## Work item
Copy word for word the lines of the records below, beginning at the one with "Tous les poissons" and finishing at the one with "在录取安排入读公办学校的过程", ends included, but none of the pictures.

## Collection entries
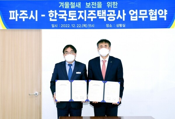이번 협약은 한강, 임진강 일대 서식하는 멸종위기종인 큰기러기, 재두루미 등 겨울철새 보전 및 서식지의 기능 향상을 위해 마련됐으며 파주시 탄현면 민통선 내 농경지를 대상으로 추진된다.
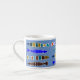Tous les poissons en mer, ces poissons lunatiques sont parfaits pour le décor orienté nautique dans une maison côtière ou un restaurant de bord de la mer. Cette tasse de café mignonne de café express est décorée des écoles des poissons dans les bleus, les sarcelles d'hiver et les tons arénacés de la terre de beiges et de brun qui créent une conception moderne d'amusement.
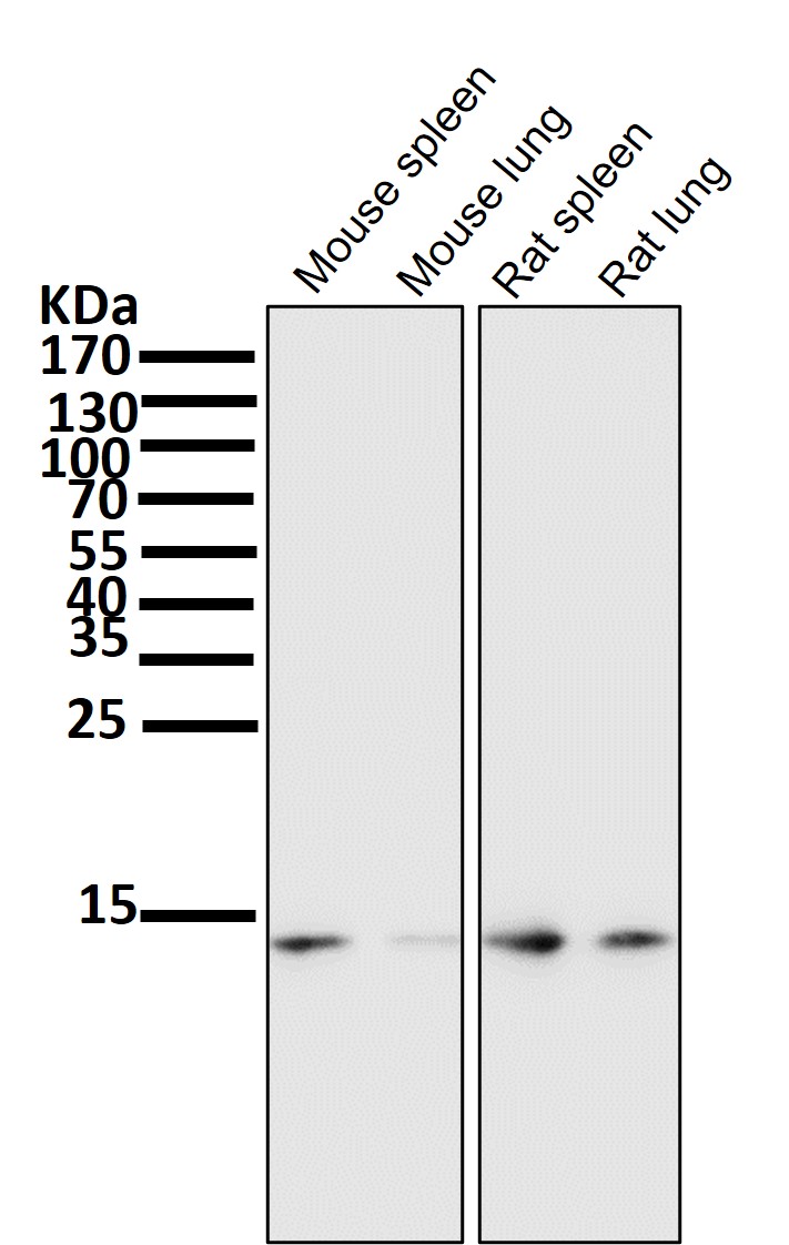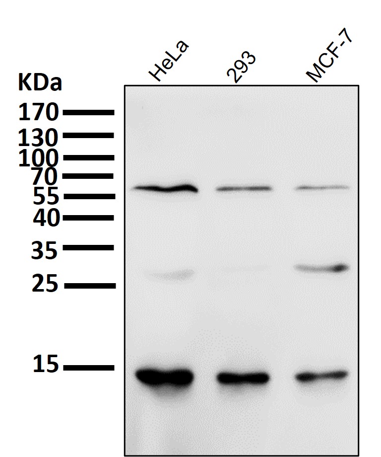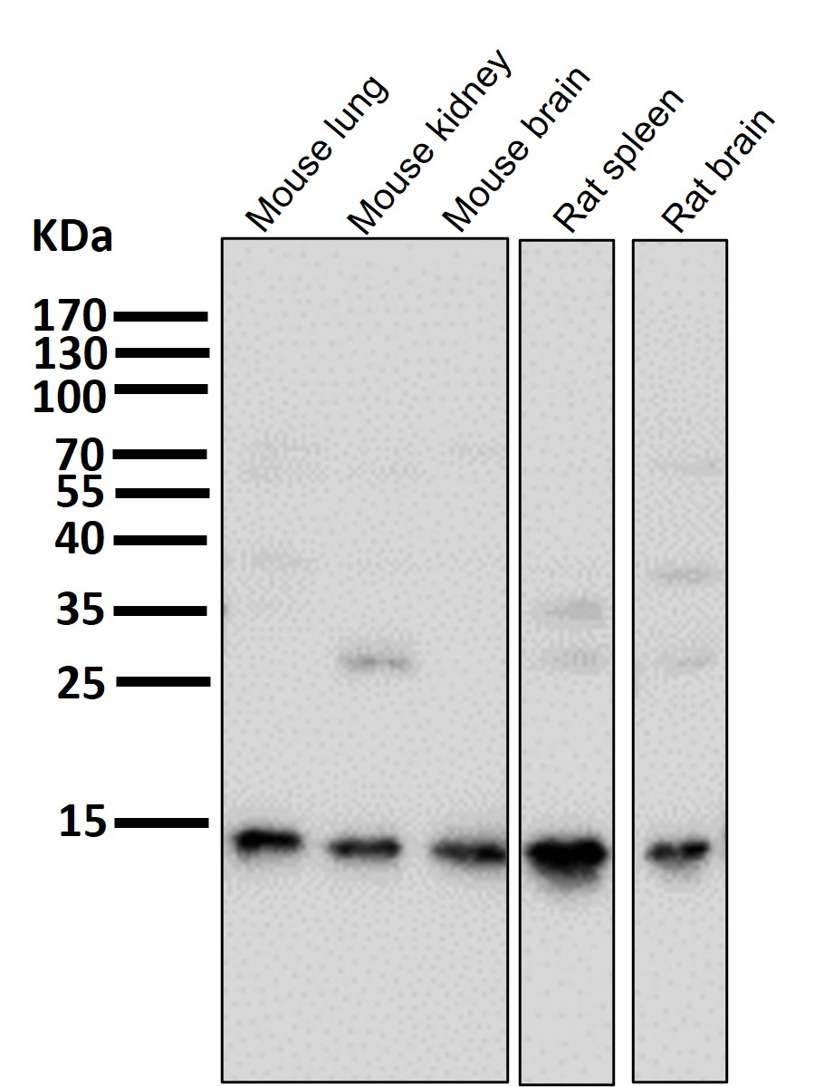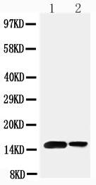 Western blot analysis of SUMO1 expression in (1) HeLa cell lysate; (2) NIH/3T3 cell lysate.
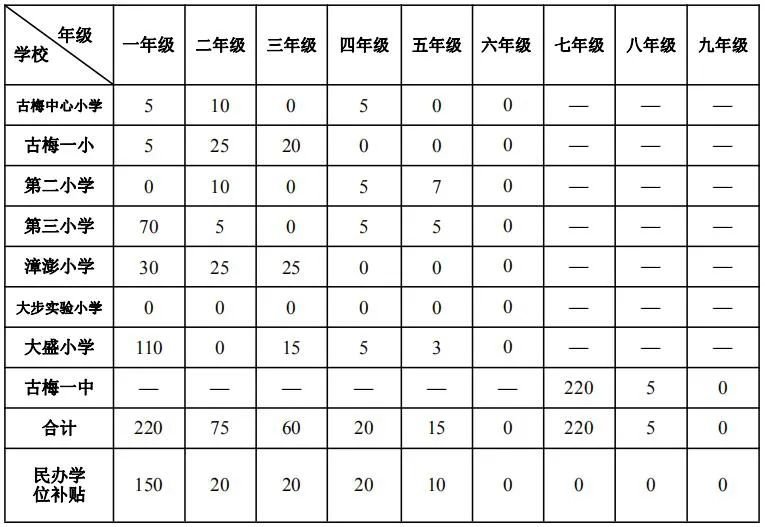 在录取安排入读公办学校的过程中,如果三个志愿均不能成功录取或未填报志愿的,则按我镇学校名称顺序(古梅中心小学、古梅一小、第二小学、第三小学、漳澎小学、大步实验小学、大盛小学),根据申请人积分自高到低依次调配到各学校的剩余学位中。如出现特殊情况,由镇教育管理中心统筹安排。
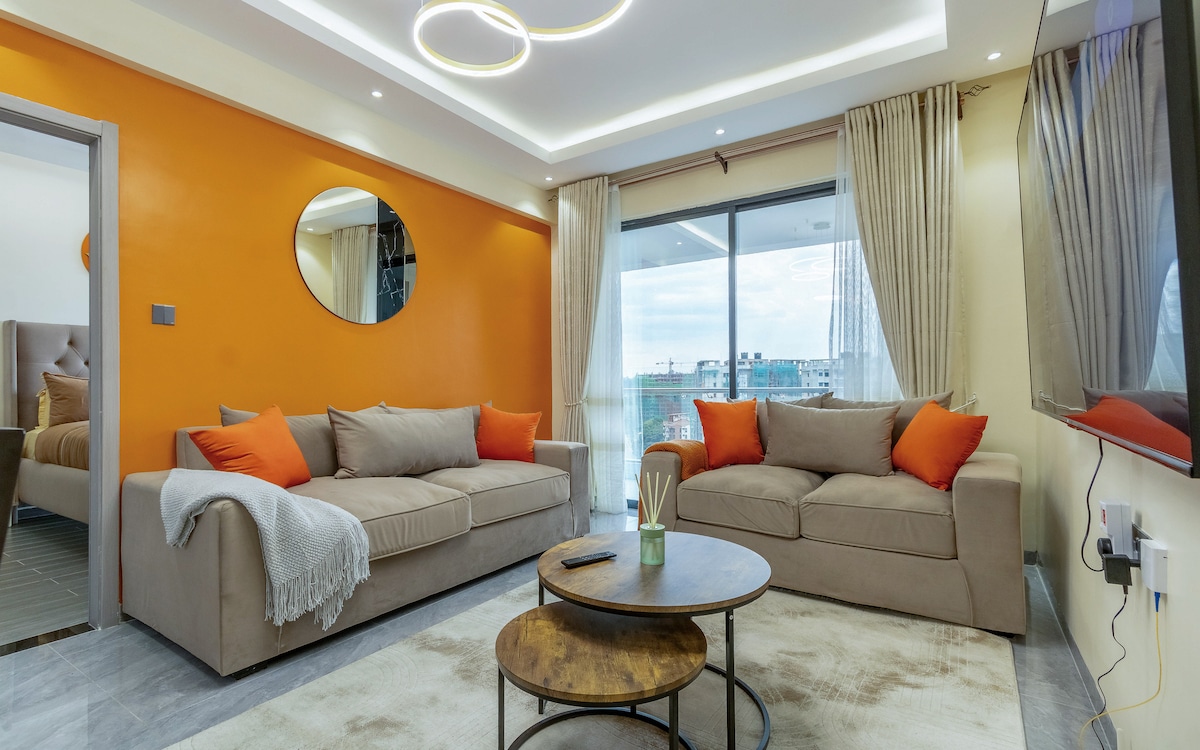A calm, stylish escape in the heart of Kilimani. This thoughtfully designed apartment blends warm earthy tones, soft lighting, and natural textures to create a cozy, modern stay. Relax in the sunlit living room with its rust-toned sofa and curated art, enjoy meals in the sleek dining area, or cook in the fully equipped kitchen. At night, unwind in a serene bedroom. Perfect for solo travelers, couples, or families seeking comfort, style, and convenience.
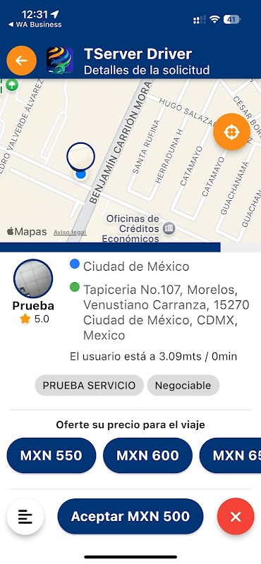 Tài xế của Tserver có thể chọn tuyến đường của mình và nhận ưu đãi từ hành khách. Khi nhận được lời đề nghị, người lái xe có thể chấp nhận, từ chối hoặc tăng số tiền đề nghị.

## Answer to this problem
Tous les poissons en mer, ces poissons lunatiques sont parfaits pour le décor orienté nautique dans une maison côtière ou un restaurant de bord de la mer. Cette tasse de café mignonne de café express est décorée des écoles des poissons dans les bleus, les sarcelles d'hiver et les tons arénacés de la terre de beiges et de brun qui créent une conception moderne d'amusement.
 Western blot analysis of SUMO1 expression in (1) HeLa cell lysate; (2) NIH/3T3 cell lysate.
 在录取安排入读公办学校的过程中,如果三个志愿均不能成功录取或未填报志愿的,则按我镇学校名称顺序(古梅中心小学、古梅一小、第二小学、第三小学、漳澎小学、大步实验小学、大盛小学),根据申请人积分自高到低依次调配到各学校的剩余学位中。如出现特殊情况,由镇教育管理中心统筹安排。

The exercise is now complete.